Table 2 shows the comparison of mean retinal, outer retinal, GCL and RNFL thicknesses at baseline in five zones depending on the choroidal thickness. The outer retinal thickness was higher in areas of thicker choroid and less in areas of thinner choroid (p = 0.01) in acute CSCR, which was not seen in recurrent CSCR.
Table 2.
Comparison of mean retinal, outer retinal, GCL and RNFL thicknesses at baseline in five zones of retina.
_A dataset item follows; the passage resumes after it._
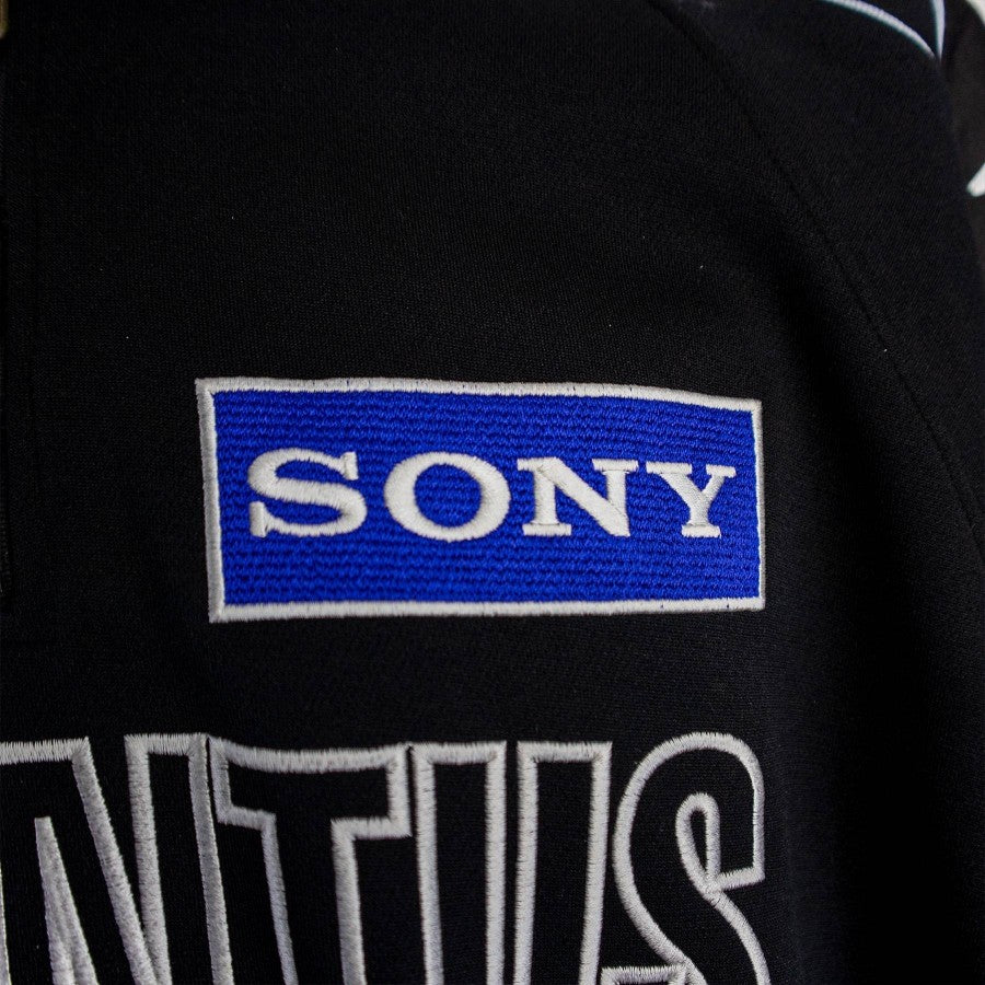 Juventus training suit from the 1996/1997 season. Kappa logo stitched. Juventus lettering embroidered on the front. Sony sponsor sewn on the left side.

| Parameter (µm) | Zones based on baseline choroidal thickness (µm) |
p value | ||||
|---|---|---|---|---|---|---|
| <100 | 100–199 | 200–299 | 300–399 | ⩾400 | ||
| Acute | ||||||
| Mean choroidal thickness | 87.44 | 154.49 | 256.1 | 327.93 | 412.25 | <0.0001* |
| Mean retinal thickness | 273.04 | 268.62 | 251.85 | 299.4 | 202.75 | 0.358 |
| Mean GCL thickness | 118.51 | 117.69 | 100.44 | 104.99 | 56.5 | 0.278 |
| Mean RNFL thickness | 69.56 | 69.97 | 56.37 | 42.48 | 21.63 | 0.113 |
| Mean outer retinal thickness | 84.97 | 80.96 | 95.04 | 151.92 | 124.62 | 0.010* |
| Recurrent | ||||||
| Mean choroidal thickness | 81.26 | 165.46 | 255.8 | 333.4 | 425.5 | <0.0001* |
| Mean retinal thickness | 269.11 | 273.45 | 259.44 | 253.65 | 250.17 | 0.773 |
| Mean GCL thickness | 116.45 | 116.56 | 96.98 | 100.8 | 82.67 | 0.143 |
| Mean RNFL thickness | 43.02 | 53.82 | 46.67 | 48.93 | 29.5 | 0.454 |
| Mean outer retinal thickness | 109.64 | 103.07 | 115.79 | 103.92 | 138 | 0.978 |
P values statistically significant. Note the five columns indicate the five regions of retina divided based on baseline choroidal thickness (indicated in bold under the group names); the rows indicate the average value of thicknesses in µm of each layer at the respective zones of the column. GCL, ganglion cell layer; RNFL, retinal nerve fibre layer.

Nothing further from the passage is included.